**TASK OBJECTIVE**
The goal is a clean copy of all the data below, with pictures dropped and everything else retyped exactly.
::: DATA SECTION
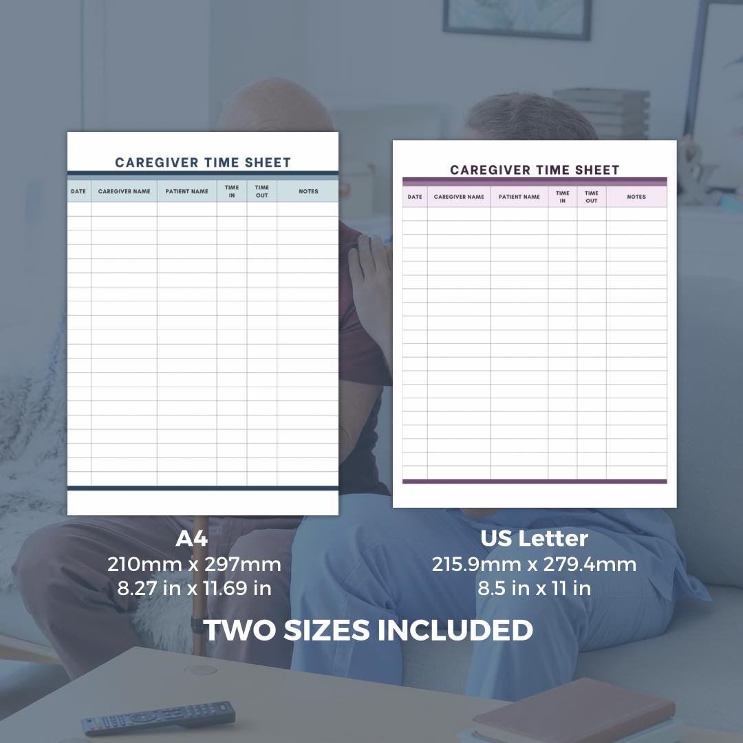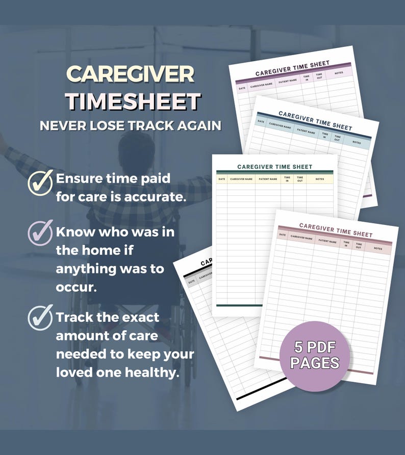 Printable Caregiver Timesheet Home Health Care Time Sheet Etsy Australia
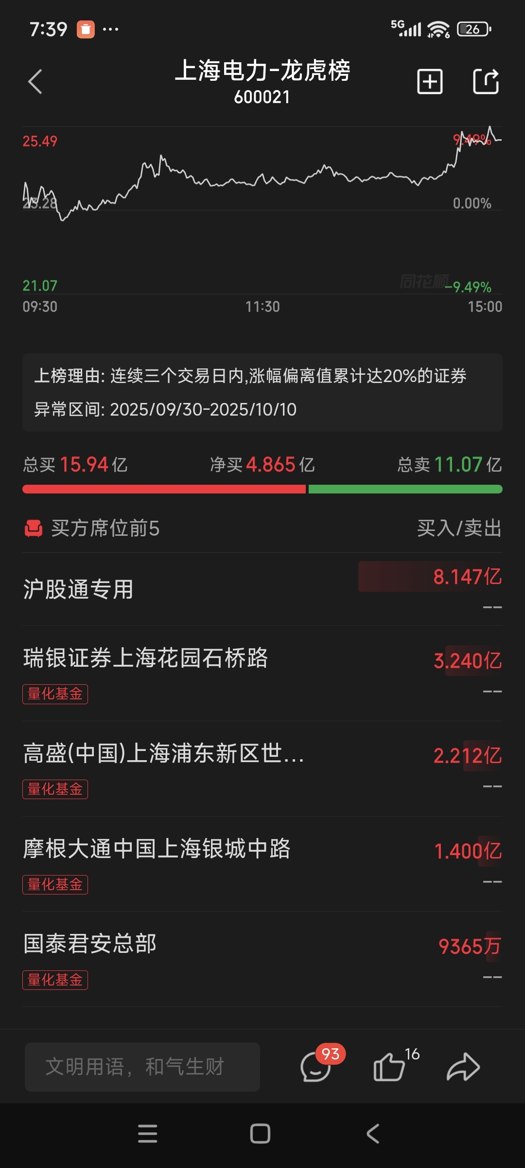 $上海电力(SH600021)$ 周五的龙虎榜外资会进来当炮灰吗
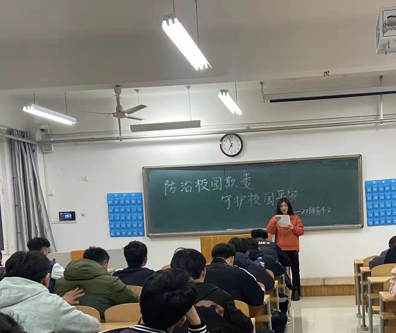 为进一步增强学生的法治意识,严肃校规校纪,规范学生行为,守护学生的身心健康,巩固平安校园建设成果,根据学校通知要求,我院于2022年3月6日晚,以班为单位,在各班班主任的带领下召开“防治校园欺凌,守护校园平安”主题班会。
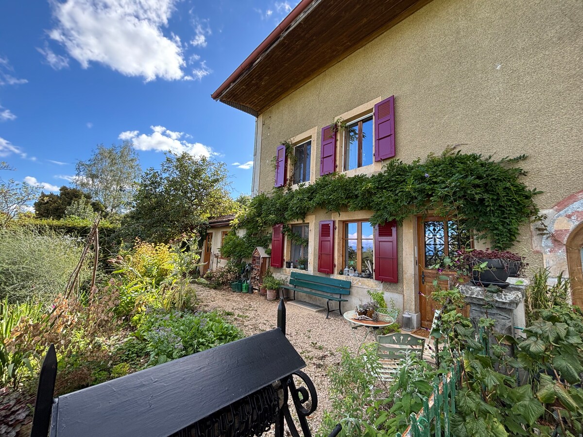 A seulement 15 minutes de Lausanne, 30 de Montreux (Riviera) ou des Paccots, 1h de Champéry et 1 heure 15 de Verbier, dans la commune de Corcelles le Jorat, nous vous accueillons dans une charmante dépendance entièrement restaurée en 2016, avec vue magnifique sur les Alpes Fribourgeoises. C'est aujourd'hui un gite de charme d'une surface d'environ 55m2, très confortable, décoré avec goût pouvant accueillir jusqu'à 4 personnes. Nous vous accueillerons en français, en allemand, ou en anglais.
::::::
**SOLUTION FOR THIS TASK**
 Printable Caregiver Timesheet Home Health Care Time Sheet Etsy Australia
 $上海电力(SH600021)$ 周五的龙虎榜外资会进来当炮灰吗
 为进一步增强学生的法治意识,严肃校规校纪,规范学生行为,守护学生的身心健康,巩固平安校园建设成果,根据学校通知要求,我院于2022年3月6日晚,以班为单位,在各班班主任的带领下召开“防治校园欺凌,守护校园平安”主题班会。
 A seulement 15 minutes de Lausanne, 30 de Montreux (Riviera) ou des Paccots, 1h de Champéry et 1 heure 15 de Verbier, dans la commune de Corcelles le Jorat, nous vous accueillons dans une charmante dépendance entièrement restaurée en 2016, avec vue magnifique sur les Alpes Fribourgeoises. C'est aujourd'hui un gite de charme d'une surface d'environ 55m2, très confortable, décoré avec goût pouvant accueillir jusqu'à 4 personnes. Nous vous accueillerons en français, en allemand, ou en anglais.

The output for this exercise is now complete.